## AIM OF THE TASK
Nothing in the copy should be a picture; everything else in the listing is to be restated exactly.

## DATASET ENTRIES
* * * * *
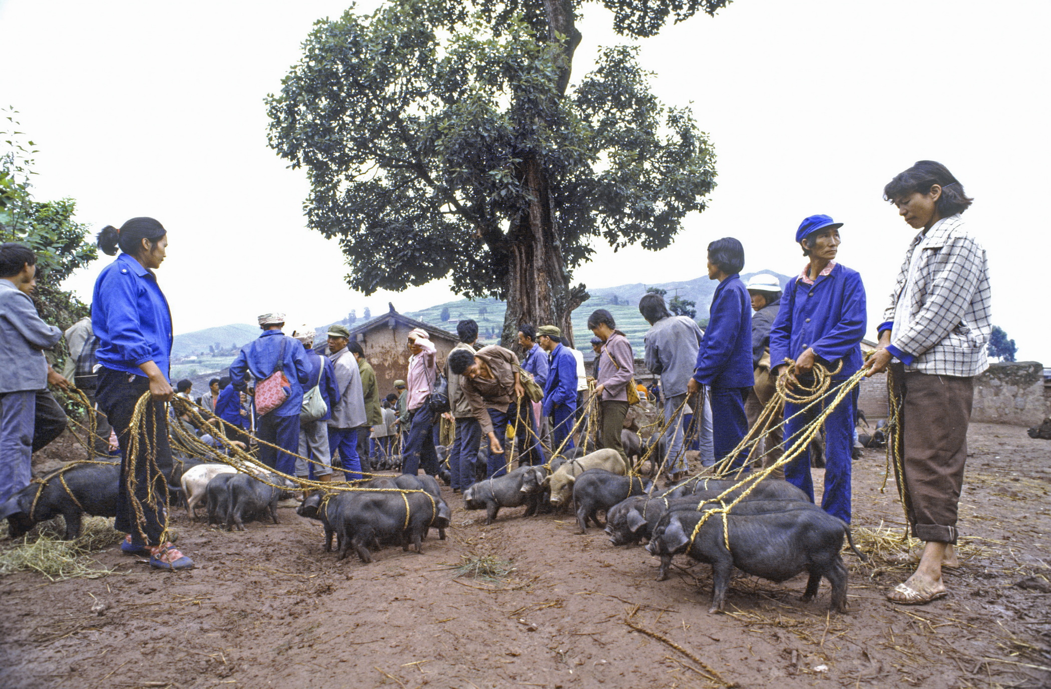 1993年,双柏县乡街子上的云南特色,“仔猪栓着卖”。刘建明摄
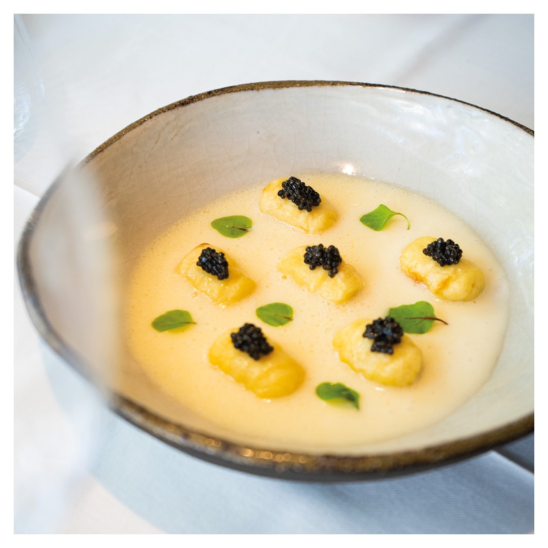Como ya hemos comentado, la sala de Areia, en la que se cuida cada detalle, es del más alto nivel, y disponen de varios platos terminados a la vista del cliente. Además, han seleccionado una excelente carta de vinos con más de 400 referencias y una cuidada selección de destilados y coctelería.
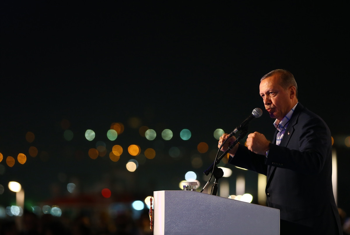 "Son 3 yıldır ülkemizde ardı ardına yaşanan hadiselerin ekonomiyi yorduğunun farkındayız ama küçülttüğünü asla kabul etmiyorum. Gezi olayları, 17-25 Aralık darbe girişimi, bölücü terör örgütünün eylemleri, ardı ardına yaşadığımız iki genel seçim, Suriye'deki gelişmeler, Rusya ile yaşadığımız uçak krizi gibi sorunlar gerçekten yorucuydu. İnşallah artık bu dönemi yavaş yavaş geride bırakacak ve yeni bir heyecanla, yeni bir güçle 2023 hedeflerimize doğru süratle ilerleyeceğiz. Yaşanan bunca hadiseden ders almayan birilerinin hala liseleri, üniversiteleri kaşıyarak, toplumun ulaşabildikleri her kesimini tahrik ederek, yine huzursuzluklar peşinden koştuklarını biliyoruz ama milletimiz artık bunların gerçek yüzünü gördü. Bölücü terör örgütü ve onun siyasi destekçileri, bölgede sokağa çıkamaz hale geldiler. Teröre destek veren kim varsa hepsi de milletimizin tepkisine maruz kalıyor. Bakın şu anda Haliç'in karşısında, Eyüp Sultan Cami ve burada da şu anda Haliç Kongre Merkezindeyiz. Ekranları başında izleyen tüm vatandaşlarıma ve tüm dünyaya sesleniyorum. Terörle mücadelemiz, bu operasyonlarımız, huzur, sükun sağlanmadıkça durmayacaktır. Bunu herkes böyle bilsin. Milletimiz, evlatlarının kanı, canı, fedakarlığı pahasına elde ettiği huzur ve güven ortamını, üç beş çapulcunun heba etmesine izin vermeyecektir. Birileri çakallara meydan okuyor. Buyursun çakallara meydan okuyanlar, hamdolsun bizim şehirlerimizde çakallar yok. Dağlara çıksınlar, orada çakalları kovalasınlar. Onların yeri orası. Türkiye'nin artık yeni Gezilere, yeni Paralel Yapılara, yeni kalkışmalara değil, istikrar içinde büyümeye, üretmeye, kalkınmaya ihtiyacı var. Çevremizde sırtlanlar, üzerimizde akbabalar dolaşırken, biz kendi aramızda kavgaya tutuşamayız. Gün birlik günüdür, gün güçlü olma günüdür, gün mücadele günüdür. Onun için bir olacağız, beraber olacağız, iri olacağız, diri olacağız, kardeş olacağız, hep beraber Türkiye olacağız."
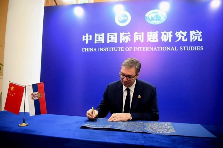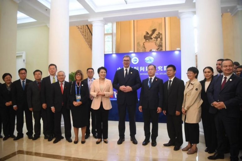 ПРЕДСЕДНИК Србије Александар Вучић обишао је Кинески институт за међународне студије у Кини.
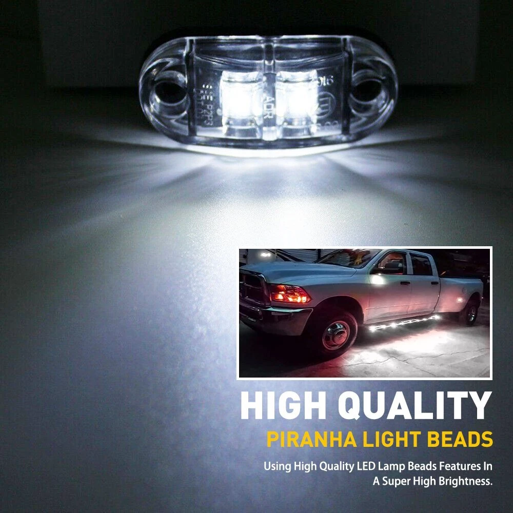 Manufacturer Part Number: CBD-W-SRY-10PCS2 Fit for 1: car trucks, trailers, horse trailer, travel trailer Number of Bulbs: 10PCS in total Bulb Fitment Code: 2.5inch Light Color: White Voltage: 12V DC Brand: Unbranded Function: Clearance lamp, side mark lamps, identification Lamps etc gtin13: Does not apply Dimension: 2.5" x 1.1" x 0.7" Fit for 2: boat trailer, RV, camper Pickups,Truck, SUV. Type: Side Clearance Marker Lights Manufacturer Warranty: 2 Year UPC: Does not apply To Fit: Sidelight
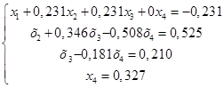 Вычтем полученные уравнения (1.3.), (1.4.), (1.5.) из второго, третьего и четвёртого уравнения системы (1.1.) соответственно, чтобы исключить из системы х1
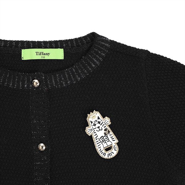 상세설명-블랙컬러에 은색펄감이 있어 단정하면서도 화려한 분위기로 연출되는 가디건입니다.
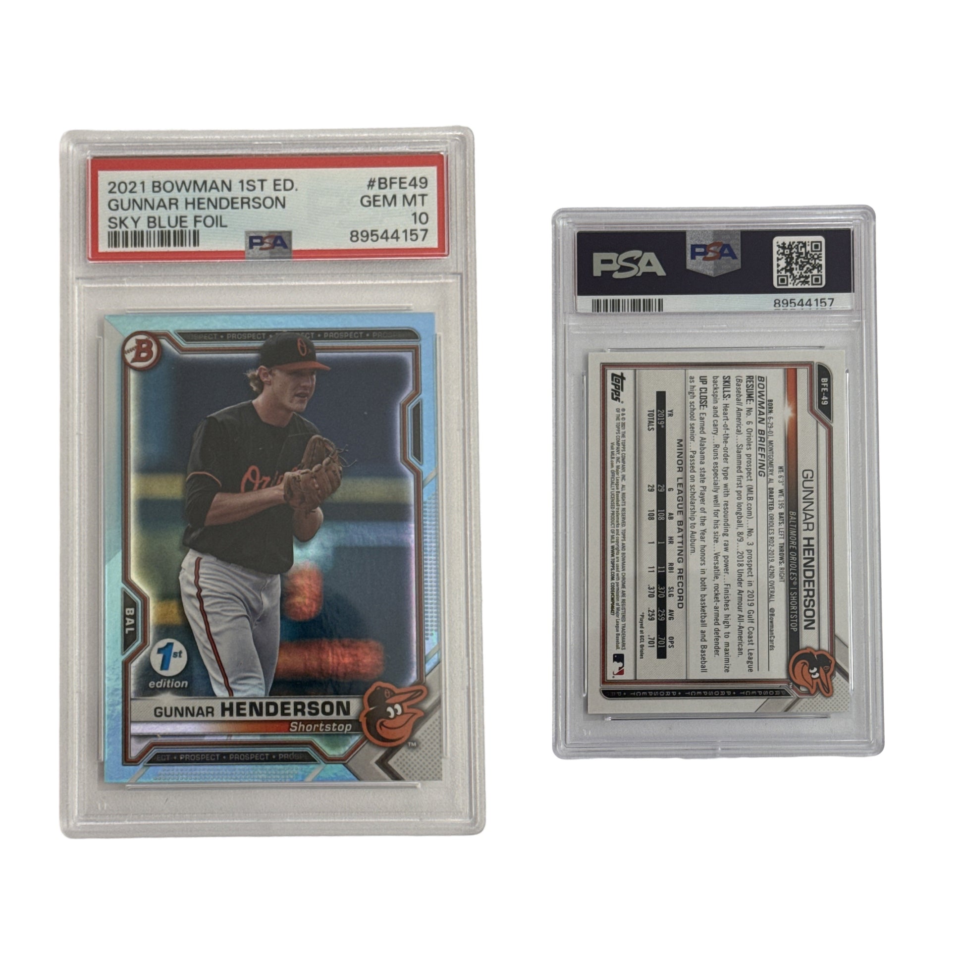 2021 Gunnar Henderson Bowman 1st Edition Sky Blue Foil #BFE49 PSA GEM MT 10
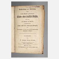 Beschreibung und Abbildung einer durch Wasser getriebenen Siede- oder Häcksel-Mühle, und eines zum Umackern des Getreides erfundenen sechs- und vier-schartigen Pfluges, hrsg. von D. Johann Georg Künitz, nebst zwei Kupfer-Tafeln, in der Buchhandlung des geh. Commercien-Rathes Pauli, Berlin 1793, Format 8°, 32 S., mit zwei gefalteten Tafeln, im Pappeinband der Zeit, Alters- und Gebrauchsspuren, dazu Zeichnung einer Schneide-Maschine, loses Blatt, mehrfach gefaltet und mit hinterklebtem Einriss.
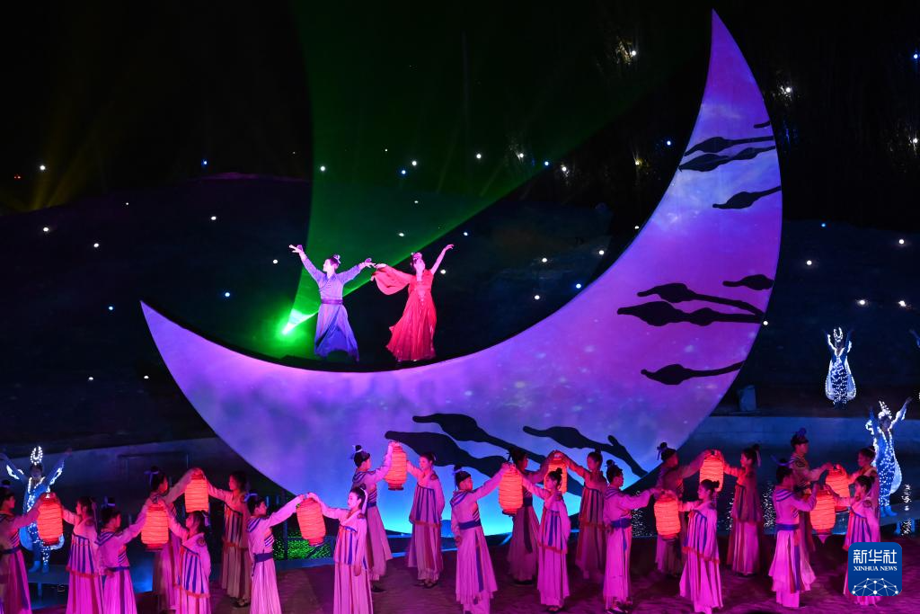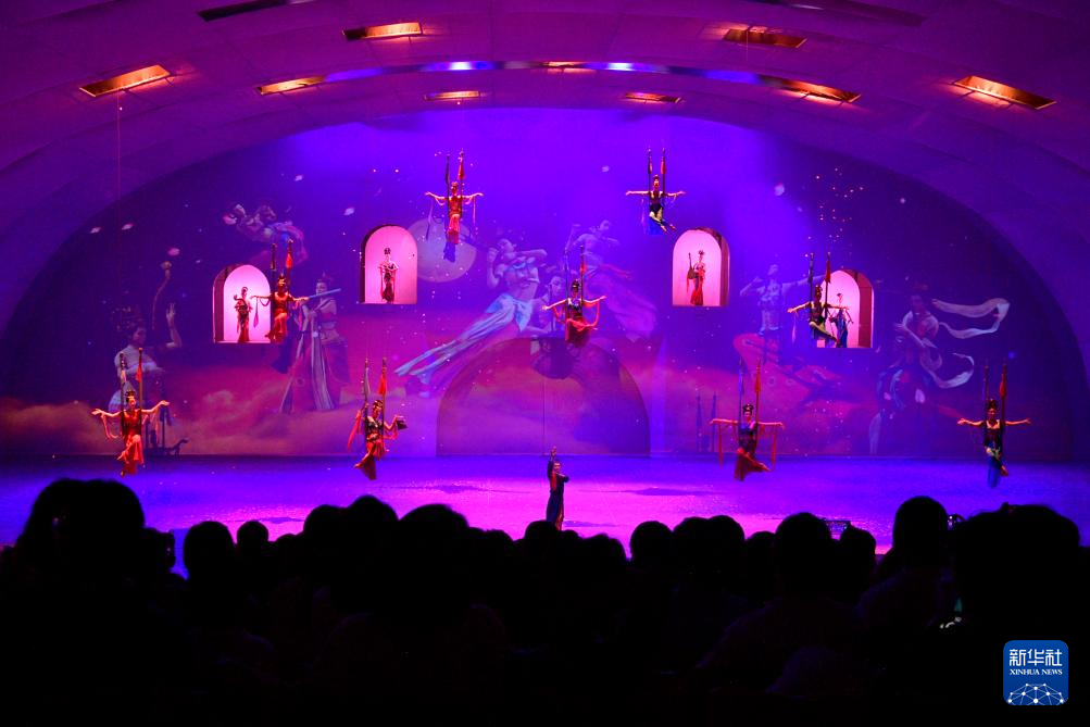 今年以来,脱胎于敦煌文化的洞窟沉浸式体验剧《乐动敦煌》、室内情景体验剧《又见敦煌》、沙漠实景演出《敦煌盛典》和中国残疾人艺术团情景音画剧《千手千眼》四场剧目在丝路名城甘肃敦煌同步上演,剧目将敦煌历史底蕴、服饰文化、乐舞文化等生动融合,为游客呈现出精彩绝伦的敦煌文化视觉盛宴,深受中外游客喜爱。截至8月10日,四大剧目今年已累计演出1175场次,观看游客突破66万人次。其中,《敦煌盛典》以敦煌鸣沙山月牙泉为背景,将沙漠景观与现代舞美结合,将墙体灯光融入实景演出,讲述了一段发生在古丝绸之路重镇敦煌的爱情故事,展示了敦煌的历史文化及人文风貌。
* * * * *
## RESPONSE TO THE EXERCISE
 1993年,双柏县乡街子上的云南特色,“仔猪栓着卖”。刘建明摄
Como ya hemos comentado, la sala de Areia, en la que se cuida cada detalle, es del más alto nivel, y disponen de varios platos terminados a la vista del cliente. Además, han seleccionado una excelente carta de vinos con más de 400 referencias y una cuidada selección de destilados y coctelería.
 "Son 3 yıldır ülkemizde ardı ardına yaşanan hadiselerin ekonomiyi yorduğunun farkındayız ama küçülttüğünü asla kabul etmiyorum. Gezi olayları, 17-25 Aralık darbe girişimi, bölücü terör örgütünün eylemleri, ardı ardına yaşadığımız iki genel seçim, Suriye'deki gelişmeler, Rusya ile yaşadığımız uçak krizi gibi sorunlar gerçekten yorucuydu. İnşallah artık bu dönemi yavaş yavaş geride bırakacak ve yeni bir heyecanla, yeni bir güçle 2023 hedeflerimize doğru süratle ilerleyeceğiz. Yaşanan bunca hadiseden ders almayan birilerinin hala liseleri, üniversiteleri kaşıyarak, toplumun ulaşabildikleri her kesimini tahrik ederek, yine huzursuzluklar peşinden koştuklarını biliyoruz ama milletimiz artık bunların gerçek yüzünü gördü. Bölücü terör örgütü ve onun siyasi destekçileri, bölgede sokağa çıkamaz hale geldiler. Teröre destek veren kim varsa hepsi de milletimizin tepkisine maruz kalıyor. Bakın şu anda Haliç'in karşısında, Eyüp Sultan Cami ve burada da şu anda Haliç Kongre Merkezindeyiz. Ekranları başında izleyen tüm vatandaşlarıma ve tüm dünyaya sesleniyorum. Terörle mücadelemiz, bu operasyonlarımız, huzur, sükun sağlanmadıkça durmayacaktır. Bunu herkes böyle bilsin. Milletimiz, evlatlarının kanı, canı, fedakarlığı pahasına elde ettiği huzur ve güven ortamını, üç beş çapulcunun heba etmesine izin vermeyecektir. Birileri çakallara meydan okuyor. Buyursun çakallara meydan okuyanlar, hamdolsun bizim şehirlerimizde çakallar yok. Dağlara çıksınlar, orada çakalları kovalasınlar. Onların yeri orası. Türkiye'nin artık yeni Gezilere, yeni Paralel Yapılara, yeni kalkışmalara değil, istikrar içinde büyümeye, üretmeye, kalkınmaya ihtiyacı var. Çevremizde sırtlanlar, üzerimizde akbabalar dolaşırken, biz kendi aramızda kavgaya tutuşamayız. Gün birlik günüdür, gün güçlü olma günüdür, gün mücadele günüdür. Onun için bir olacağız, beraber olacağız, iri olacağız, diri olacağız, kardeş olacağız, hep beraber Türkiye olacağız."
 ПРЕДСЕДНИК Србије Александар Вучић обишао је Кинески институт за међународне студије у Кини.
 Manufacturer Part Number: CBD-W-SRY-10PCS2 Fit for 1: car trucks, trailers, horse trailer, travel trailer Number of Bulbs: 10PCS in total Bulb Fitment Code: 2.5inch Light Color: White Voltage: 12V DC Brand: Unbranded Function: Clearance lamp, side mark lamps, identification Lamps etc gtin13: Does not apply Dimension: 2.5" x 1.1" x 0.7" Fit for 2: boat trailer, RV, camper Pickups,Truck, SUV. Type: Side Clearance Marker Lights Manufacturer Warranty: 2 Year UPC: Does not apply To Fit: Sidelight
 Вычтем полученные уравнения (1.3.), (1.4.), (1.5.) из второго, третьего и четвёртого уравнения системы (1.1.) соответственно, чтобы исключить из системы х1
 상세설명-블랙컬러에 은색펄감이 있어 단정하면서도 화려한 분위기로 연출되는 가디건입니다.
 2021 Gunnar Henderson Bowman 1st Edition Sky Blue Foil #BFE49 PSA GEM MT 10
 Beschreibung und Abbildung einer durch Wasser getriebenen Siede- oder Häcksel-Mühle, und eines zum Umackern des Getreides erfundenen sechs- und vier-schartigen Pfluges, hrsg. von D. Johann Georg Künitz, nebst zwei Kupfer-Tafeln, in der Buchhandlung des geh. Commercien-Rathes Pauli, Berlin 1793, Format 8°, 32 S., mit zwei gefalteten Tafeln, im Pappeinband der Zeit, Alters- und Gebrauchsspuren, dazu Zeichnung einer Schneide-Maschine, loses Blatt, mehrfach gefaltet und mit hinterklebtem Einriss.
 今年以来,脱胎于敦煌文化的洞窟沉浸式体验剧《乐动敦煌》、室内情景体验剧《又见敦煌》、沙漠实景演出《敦煌盛典》和中国残疾人艺术团情景音画剧《千手千眼》四场剧目在丝路名城甘肃敦煌同步上演,剧目将敦煌历史底蕴、服饰文化、乐舞文化等生动融合,为游客呈现出精彩绝伦的敦煌文化视觉盛宴,深受中外游客喜爱。截至8月10日,四大剧目今年已累计演出1175场次,观看游客突破66万人次。其中,《敦煌盛典》以敦煌鸣沙山月牙泉为背景,将沙漠景观与现代舞美结合,将墙体灯光融入实景演出,讲述了一段发生在古丝绸之路重镇敦煌的爱情故事,展示了敦煌的历史文化及人文风貌。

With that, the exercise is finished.